И я понял, что я был не лучше Рудольфа Туберта и всех остальных в ее жизни, кто хотел лишь ее тела, ее плоти, а не ее саму. Их не волновало, кем она была, что ей нужно, ее желания, ее амбиции. Я ни разу не спросил о ее надеждах, мечтах, и даже до недавнего момента не знал, почему она оставила Френчтаун. Все же, я любил ее… любовь… а знал ли я, что такое любовь? Нет, Рудольф Туберт не любил ее. Мы хотели от нее одного и того же. К моему позору, мое тело стало мягким, и все желание оставило меня.
Я убрал руку, которая вдруг перестала принадлежать моему телу и задрожала, будто кленовый лист, оторванный от ветки, и висящий в воздухе, пока ветер несет его неизвестно куда.
- Мне жаль, - пролепетал я, желая ее даже после того, как я отверг прикосновение к ней, ласку.

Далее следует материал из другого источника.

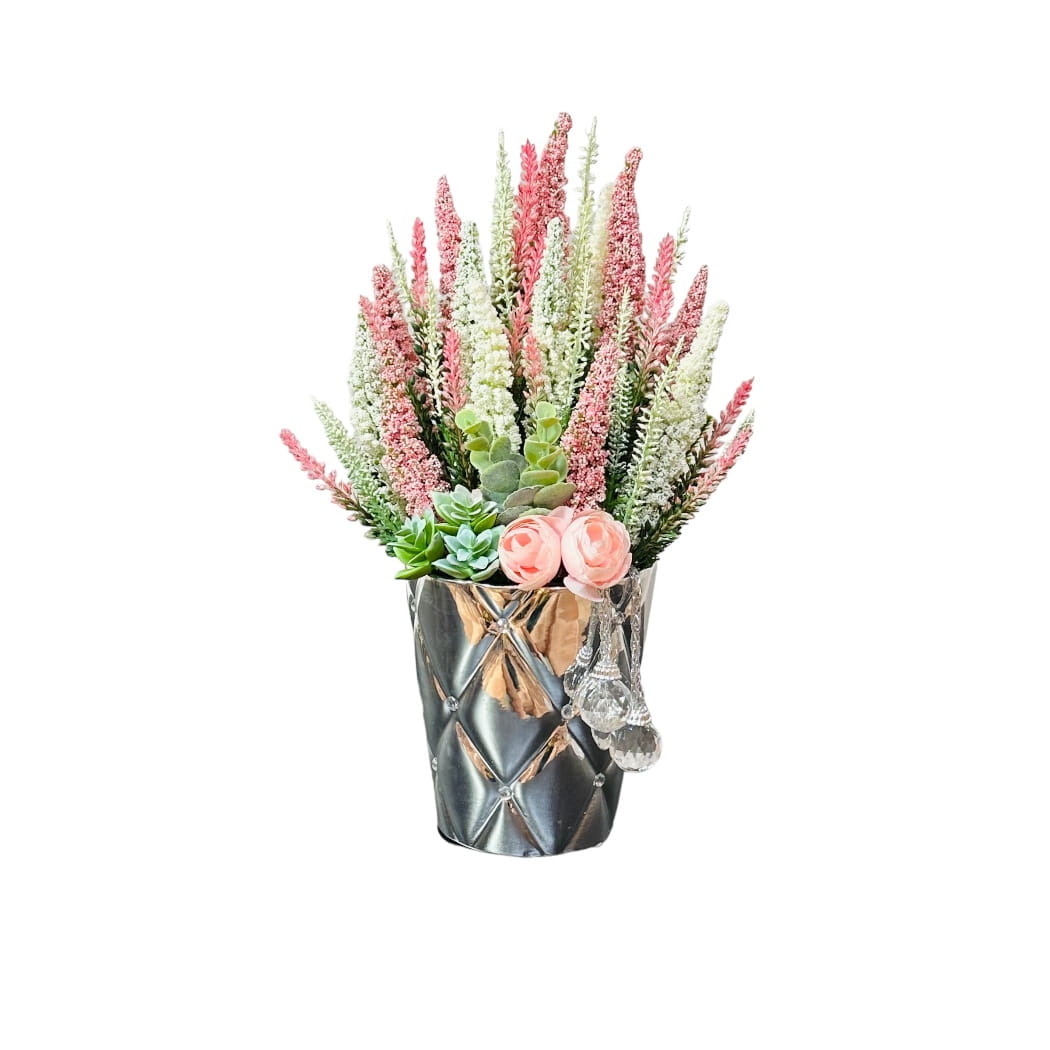 Kompozycja z wrzosów w ceramicznej doniczce
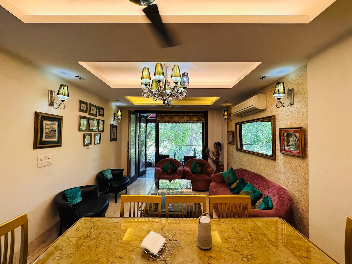 Mūsu divu guļamistabu dzīvoklī valda patiesa pilsētas sajūta. Tas ērti der četriem. Viss dzīvoklis būs jūsu rīcībā — skaists dārzs, labi aprīkota virtuve un mājīga studija. Dzīvoklis nodrošina ērtu piekļuvi vēsturiskajam Qutab Minar kompleksam, dažādiem parkiem un iepirkšanās centriem ar restorāniem un kinoteātriem. Tas atrodas arī pastaigas attālumā no Max un Max Smart Super Speciality slimnīcām. Pārvietošanās ir ērta, izmantojot metro (dzelteno līniju) tikai divu minūšu gājiena attālumā.
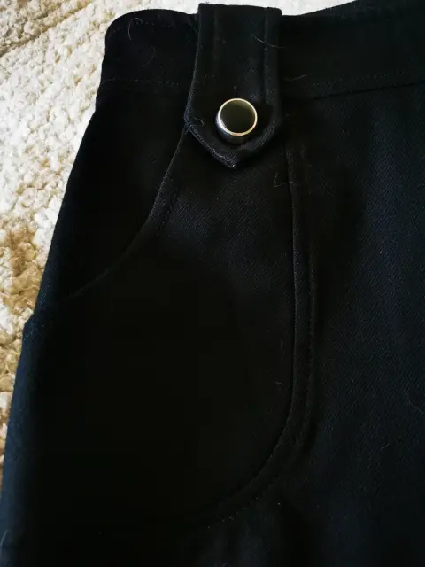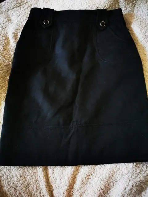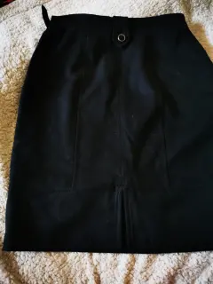 Falda de vestir a la cintura, de Lana, color negro, corte recto con abertura en la parte de atrás, prensillas para cinturón dos bolsillos laterales frontales con forro talla MMedidas de la cintura 40 cm medida de largo 60 cm
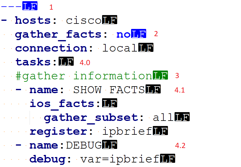 (2) Key ở đây là "gather_facts". Value ở đây là "no"
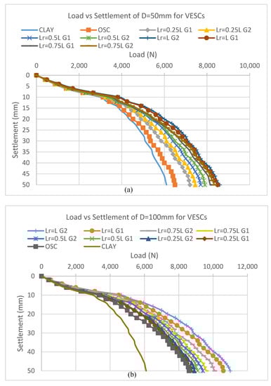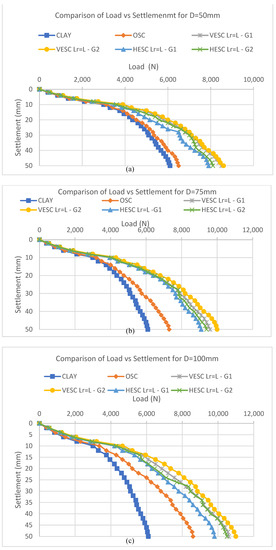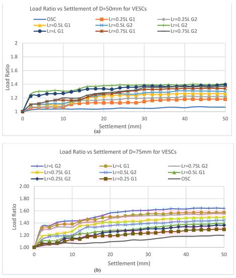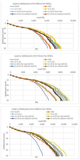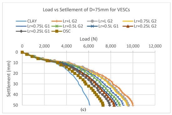 Load-Settlement variation of VESC for various Lr on single stone column with diameters (a) 50 mm, (b) 75 mm, and (c) 100 mm.
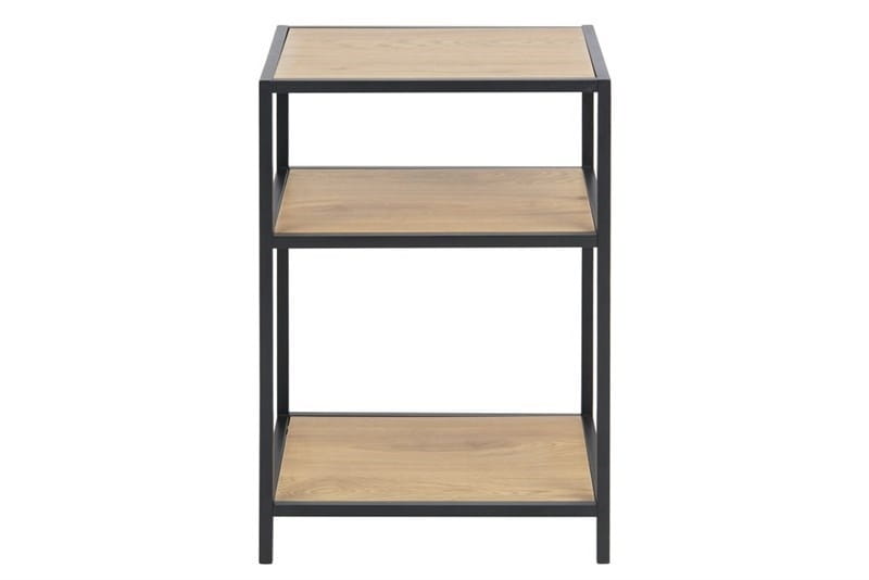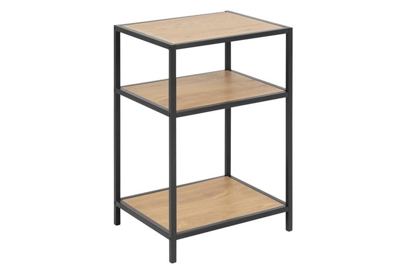 Stolik Nocny Seaford wykonany został z metalu malowanego proszkowo oraz płyty MDF wykończonej laminatem w kolorze dębu. Regał doskonale sprawdzi się jako stolik nocny w sypialni ale również funkcjonalny stolik obok sofy w salonie.

Фабричный гудок своим надрывным воем оповестил о пяти часах по полудню. Конец рабочего дня. К нему подключились другие гудки, некоторые из них можно было назвать свистками - они всегда начинались почти одновременно, с интервалом в несколько секунд. Вот подключился низкий, глубокий бас «Фабрики Расчесок Монумента» и пронзительный тон «Швейной Компании «Ватчесум», и короткий свист, напоминающий чье-нибудь удивление, «Королевской Пуговичной Компании». В жарком летнем воздухе повисла невообразимая резкая, лишенная мелодии, гармония, напоминающая смесь выкриков рабочих всех лет и возрастов, уставших от боли долгих часов у станков и печей, от жгучих мозолей, расстройств и потерь. Заводские гудки были звуками Френчтауна, и иногда я их слышал во сне.
Я посмотрел на тетю и спросил:
- Зачем вы это сделали? Зачем приложили мою ладонь к своей груди?
- Потому что я люблю тебя, Пол. По-своему. Ты значишь для меня намного больше, чем Рудольф Туберт. Если ему можно касаться меня, то почему не тебе? - В уголках ее рта был намек на улыбку. - Мне хотелось сделать так, чтобы ты надолго запомнил меня. Даже притом, что это было делать, конечно же, нельзя. Но я всегда совершаю что-нибудь непоправимое, мне так кажется…
Кричащий гудок фабрики «Блю-Джей» зазвучал так, будто он приказывал остальным гудкам заткнуться.
- Пора уходить, Пол, - сказала тетя Розана.
И я последовал за ней через узкий мостик. Она шла босиком, держа туфли в руке вместе с ремешком сумочки. Мы медленно шли домой, кивая утомленным, пропитавшимся потом рабочим, вяло и расслабленно возвращающимся домой после жаркого рабочего дня.
На углу Механик и Шестой Стрит, мы попрощались. Она нежно улыбнулась и коснулась рукой моей щеки.
Когда я вошел в дом, мать поприветствовала меня с новостью, что дядя Аделард, наш неуловимый путешественник вернулся во Френчтаун и этим вечером собирается посетить дом моего дедушки.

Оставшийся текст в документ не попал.